# Assignment I: Scraping, Twitter API & Pandas
## Name: Mouselinos Spyridon 
## Date: October 2019

## Part 1: Scraping Twitter Accounts


### 1.1 Connect to Twitter
***

In [None]:
### For the rest of the exercise we have successfully created a twitter account and stored our credentials/key-pairs in a file named twitter_config.py
### For the sake of this exercise the file is located in the same folder as this notebook.

In [None]:
import tweepy
import time
from twitter_config import config

In [None]:
### Function to Establish Connection to Twitter Api

In [None]:
def establish_connection(config):
    auth = tweepy.OAuthHandler(config['consumer_key'], config['consumer_secret'])
    auth.set_access_token(config['access_token'], config['access_token_secret'])
    try:
        api = tweepy.API(auth)
    except:
        raise("Connection Not Established...")
    return api

In [None]:
api = establish_connection(config=config)

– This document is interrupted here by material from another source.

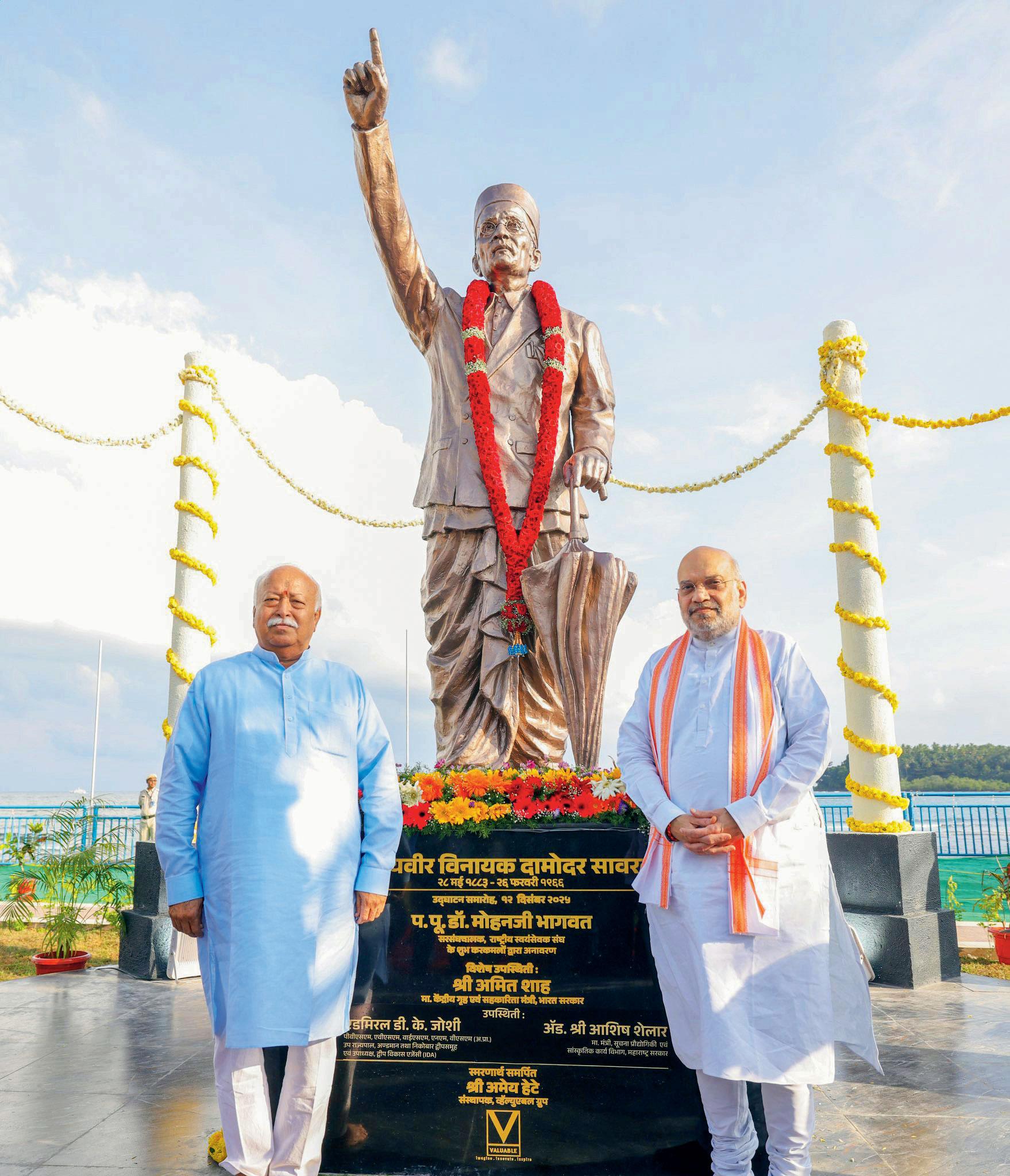 ગઈ કાલે કેન્દ્રીય ગૃહપ્રધાન અમિત શાહ અને રાષ્ટ્રીય સ્વયંસેવક સંઘના સરસંઘચાલક મોહન ભાગવતે આંદામાન-નિકોબાર દ્વીપસમૂહમાં વિનાયક દામોદર સાવરકરની પ્રતિમાનું અનાવરણ કર્યું હતું. આ અવસરે અમિત શાહે કહ્યું હતું કે ‘આંદામાન અને નિકોબાર માત્ર દ્વીપસમૂહ નથી, આ કેટલાય સ્વતંત્રતાસેનાનીઓના ત્યાગ, સમર્પણ અને દેશભક્તિની બનેલી તપોભૂમિ છે. વીર સાવરકરજીનું જીવન માતૃભૂમિ પ્રત્યે અથાગ પ્રેમ અને રાષ્ટ્ર પ્રત્યે પ્રાણ ન્યોછાવર કરવાની પ્રેરણા આપે છે.’

### Fetch the most trendy topics for Athens and print the first 10 (HINT: woeid 946738).

In [None]:
### Function to return N first Trends of a WOEID Location

In [None]:
def fetch_n_trends_for_location(api, woeid, first_n_results):
    trends_list = api.trends_place(id=woeid)[0]['trends'][0:first_n_results]
    for trend in trends_list:
        print(trend['name'])

In [None]:
fetch_n_trends_for_location(api=api, woeid=946738,first_n_results=10)

### 1.2 Username Scraping
***

### Scrape 10 usernames from [the 49 best Twitter accounts to follow in UK politics](https://www.businessinsider.com/uk-politics-twitter-accounts-2016-8?r=US&IR=T#48-matt-singh-2) and put them in a list.

In [None]:
import re
import requests
from bs4 import BeautifulSoup
from selenium import webdriver
from selenium.webdriver.firefox.options import Options

In [None]:
### We will need to create a BS4 Scraper that will be used both in Question 1.2 as well as all following scraping Questions.
### The scrapper will take as input the link to scrap as well as the optional boolean argument selenium.
### For the sake of completeness i decided to add the scraper full functionality for both non-js / js loaded webpages.
### Note to user: In case the selenium flag is set to True, a path to the geckodriver executable is needed.

In [None]:
def retrieve_soup(link, selenium=False, path_to_driver=r'C:\\Program Files\\GeckoDriver\\geckodriver.exe'):
    if selenium:
            options = Options()
            # We dont need an actual Firefox window to be opened.
            options.headless = True
            driver = webdriver.Firefox(options=options, executable_path=path_to_driver)
            # We wait a little so the webpage is fully loaded. I used 30 seconds for this example.
            driver.implicitly_wait(30)
            driver.get(link)
            soup = BeautifulSoup(driver.page_source, 'html.parser')
    else:
        try:
            r = requests.get(link)
        except requests.exceptions.MissingSchema as ms:
            # Missing URL schema
            print(ms)
        except requests.exceptions.ConnectionError as ce:
            # Connection error
            print(ce)
        except requests.exceptions.HTTPError as herror:
            # Invalid HTTP response
            print(herror)
        except requests.exceptions.Timeout as toerr:
            # Timeout error
            print(toerr)
        else:
            print("Page retrieval OK")
            soup =  BeautifulSoup(r.content, 'html.parser')    
    return soup

In [None]:
### Now lets solve the exercize

In [None]:
soup = retrieve_soup("https://www.businessinsider.com/uk-politics-twitter-accounts-2016-8?r=US&IR=T")

In [None]:
### Real Names are pretty easy as they are hidden in the h2 Tag ###

In [None]:
name_list = [f.text.split('. ')[-1] for f in soup.find_all("h2")]

In [None]:
### The respective Twitter Usernames are in the class "slide-layout clearfix" as the first <a> tag ###

In [None]:
divs = soup.find_all("div", {"class":{"slide-layout clearfix"}})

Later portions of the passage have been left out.